Social network site for professionals LinkedIn is going gangbusters, recently posting a 33 per cent jump in revenue in its second quarter, exceeding expectations. It is becoming a formidable tool for workers to source news relevant to their professions as well as seek potential job opportunities. We’re interested to hear how LinkedIn has helped you in your professional life.
Linkedin website picture from Shutterstock
From its overall results, the company reported a 22 per cent increase in revenue from its premium subscription and how has over 380 million members, 30 million more than its first quarter this year.
With so many people jumping on board the professional social networking website, we want to find out just how effective it has been in helping your career.

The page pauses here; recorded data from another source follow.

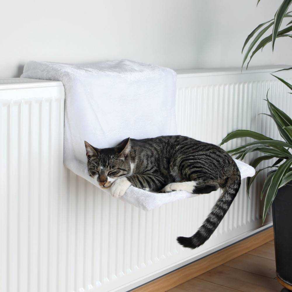 Весьма оригинально смотрится лежанка для кошки на батарее. В этом случае кот отдыхает и в то же время греется, потому что такая подвесная подстилка контактирует непосредственно с батареей. Подобный подвесной вариант довольно актуален в осенне-зимний период, делая жизнь питомца еще более комфортабельной. Еще один интересный вариант – гамак. Но такая лежанка не каждому животному может прийтись по душе.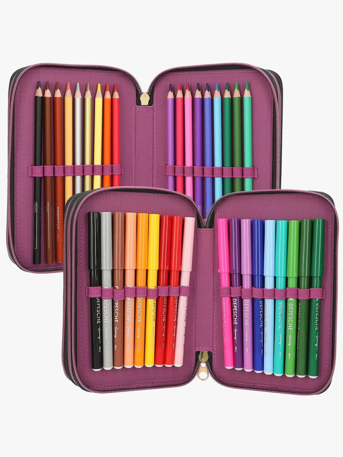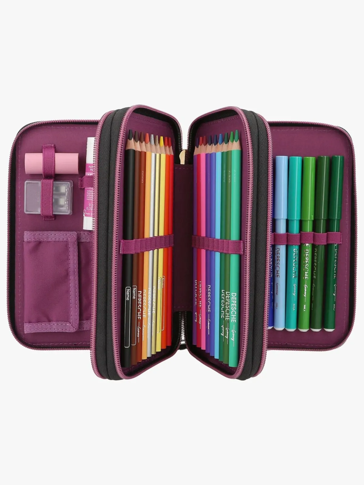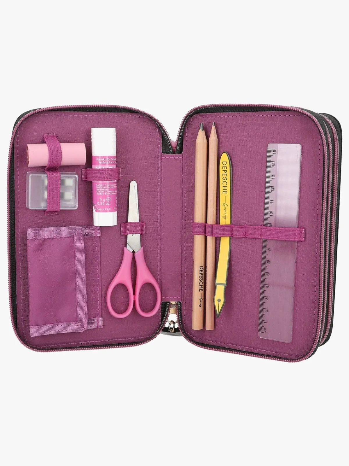 – Indeholder: 1 penalhus, 18 farveblyanter, 18 tusser, 2 blyanter, 1 saks, 1 limstift, 1 blyantspidser, 1 lineal, 1 viskelæder.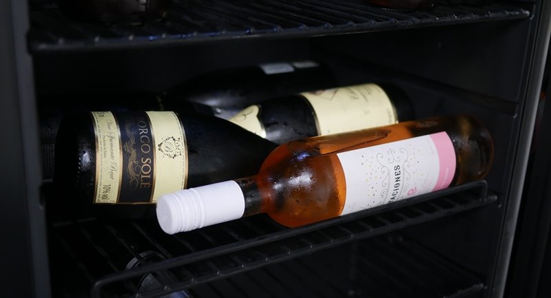 Não cabe garrafa de 750ml de vinho na profundidade.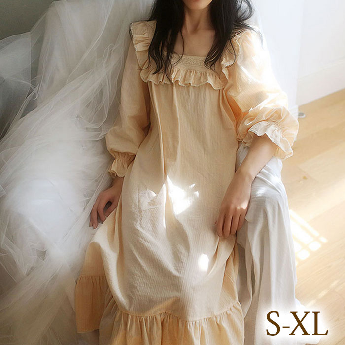 ルームウエア 部屋着 パジャマ ナイトウエア ネグリジェ ワンピース 長袖 姫系 ロング丈 フリル マタニティー 涼しい リラックス かわいい 送料無料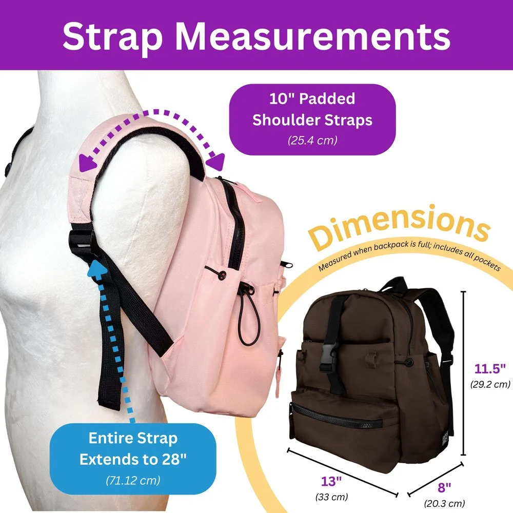 Review shoulder strap and backpack measurements before ordering:
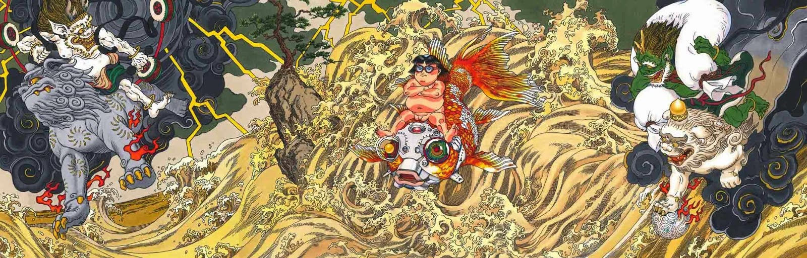 El mural, que estará listo recién en marzo del año que viene, muestra a un niño montado en una carpa robótica, flanqueado por Fūjin y Raijin, dioses del viento y el trueno de la mitología japonesa, respectivamente.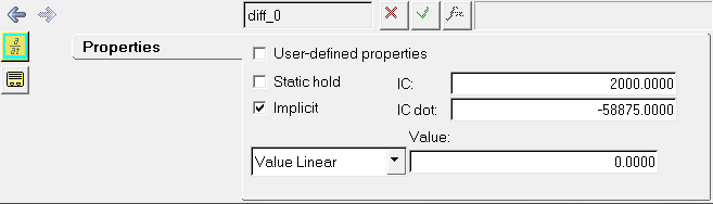 This is an implicit differential equation that has a constant (). The initial condition of the differential equation (IC) and its first derivative (IC dot) are known (given).

Have you scored a new job thanks to your LinkedIn profile? If so let us know about your experience in the comments. We’d also like to find out if LinkedIn is better for certain industry verticals.
Comments
8 responses to “Has LinkedIn Helped You Further Your Career?”
I’d have to say yes, or more importantly helped my role remain relevant. One of the first things that happens when my peers ask me for assistance, is usually due to them looking me up on LinkedIn. Be it for my experience or connection to others they want an introduction to.

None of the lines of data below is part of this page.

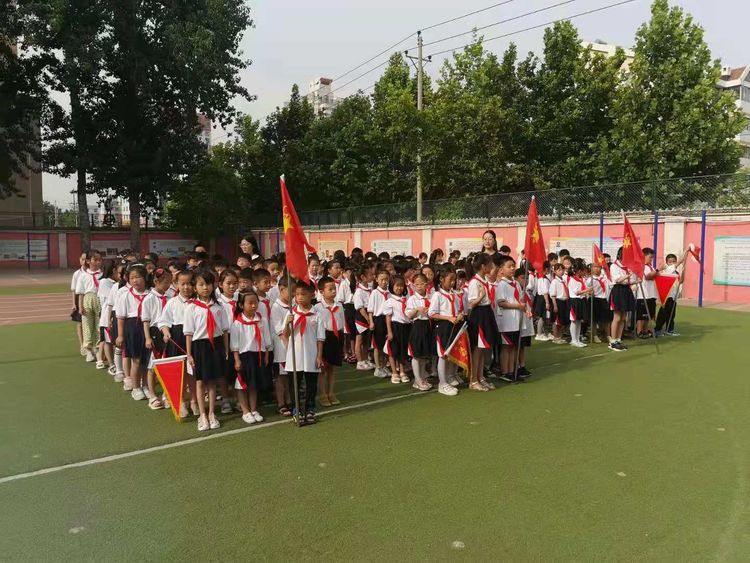 为庆祝中国共产党建党100周年,全面贯彻落实习近平总书记关于少年儿童的重要论述,切实增强少先队员的光荣感、使命感,培养少先队员爱党、爱国、爱社会主义的情怀,5月28日下午,河南师范大学附属小学举行了“童心向党 快乐成长”新队员入队仪式。本次活动共有134名小学生光荣加入中国少年先锋队,成为少先队组织的一员。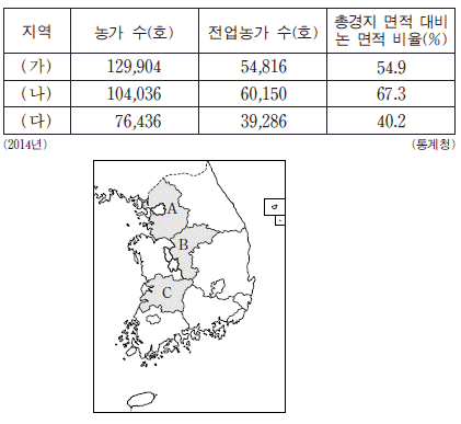 표의 (가)~(다)에 해당하는 지역을 지도의 A~C에서 고른 것은? (순서대로 가, 나, 다)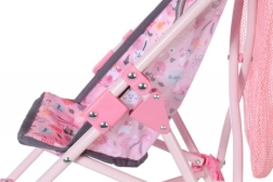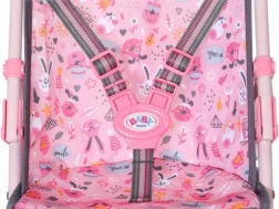Sēdeklis ar jautru apdruku un drošības jostām notur lelli stingri un ērti savā vietā visa brauciena laikā.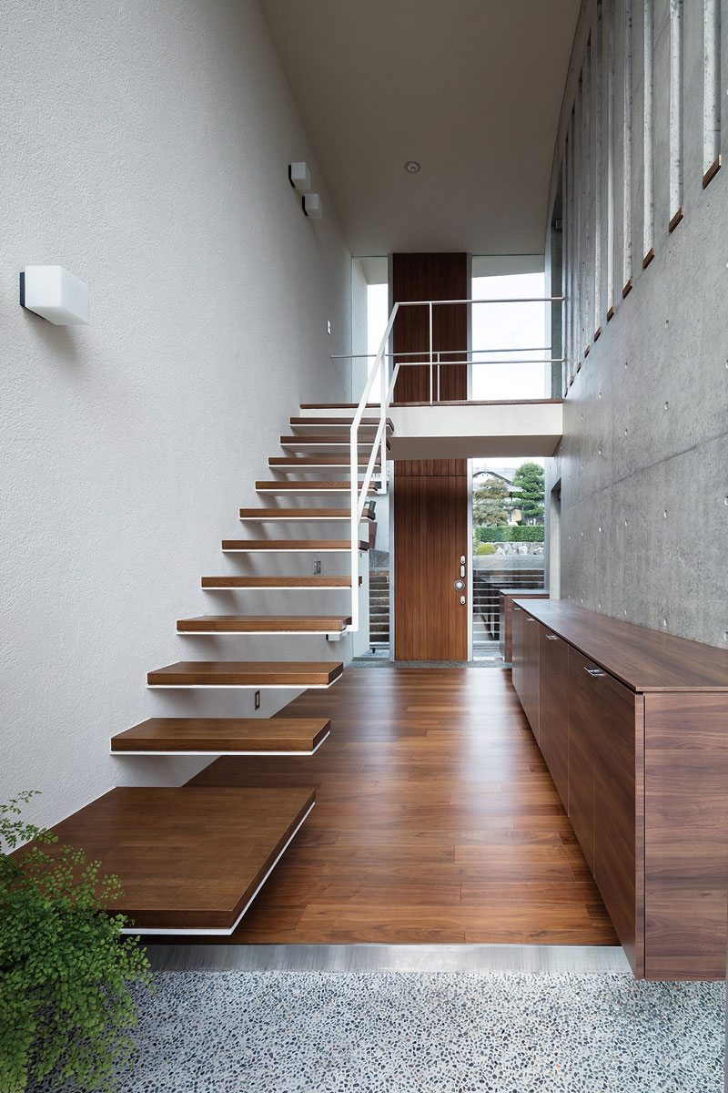 来訪者はプライベートエリアを守る円弧状の壁に沿って奥へ導かれ、高さ5mの扉を介して正面間近に雄大な富士山を望む玄関空間に入る。玄関ホールには表・裏の玄関を設けることで母屋へと通じる動線を確保し、その関係性を確立させた。

A few work colleagues regularly publish articles on LinkedIn to both enhance their own profile and stay engaged in industry changes through conversation.
I also find a lot of business’s are moving away from posting to facebook and post on LinkedIn, as it tend to attract people that are looking to engage with industry rather than it getting lost in Facebook feeds.
May I ask what industry you’re in?
I work behind the scenes (business development) in adult training and education.
Yes LinkedIn is excellent, my job is specialised and appropriate job listings landed me my best professional position yet. The right recruiters send me job invites. Seek can’t provides this level of service
I do know a lot of workers get approached by recruiters on LinkedIn. Makes me wonder whether companies who are looking for new talent can get rid of recruiters all together and hit up people directly.
It’s a trade-off. You can delegate someone to hunt on linkedin when you need to, but the amount of time you put in to get one new employee might not be a good trade. It becomes a more viable option as company size scales up. Linkedin is a great way of finding staff incidentally though – as soon as somebody gets wind of their office closing or a contract ending, they start hitting up all their contacts to see what the industry is like. We’ve got a few people at the office who made contact that way.
Disclaimer: I work for an employment company which heavily encourages linkedin use on work time. We still use recruiters when we need to.
Mostly yes. Having spent nearly two years out of the ‘mainstream’ corporate world, yet paying the additional fees for a professional account has had mixed results. I was recently ‘pinged’ on LinkedIn from a boss from about 10 years ago, and that has led to a major, major new opportunity. It wasn’t the paid subscription that resulted in the outcome, it was just being on LinkedIn and having those connections. It’s a reasonably valuable tool from the networking perspective, but I still thnk of it as the ‘Corporate Facebook’
Not directly. It has however allowed me to look up the resumes of recruiters and HR people to figure out if I’m wasting my time talking to them – due to their total career being 5% as long as mine and yet they’ve not held any of their 8 positions down for more than 5 months.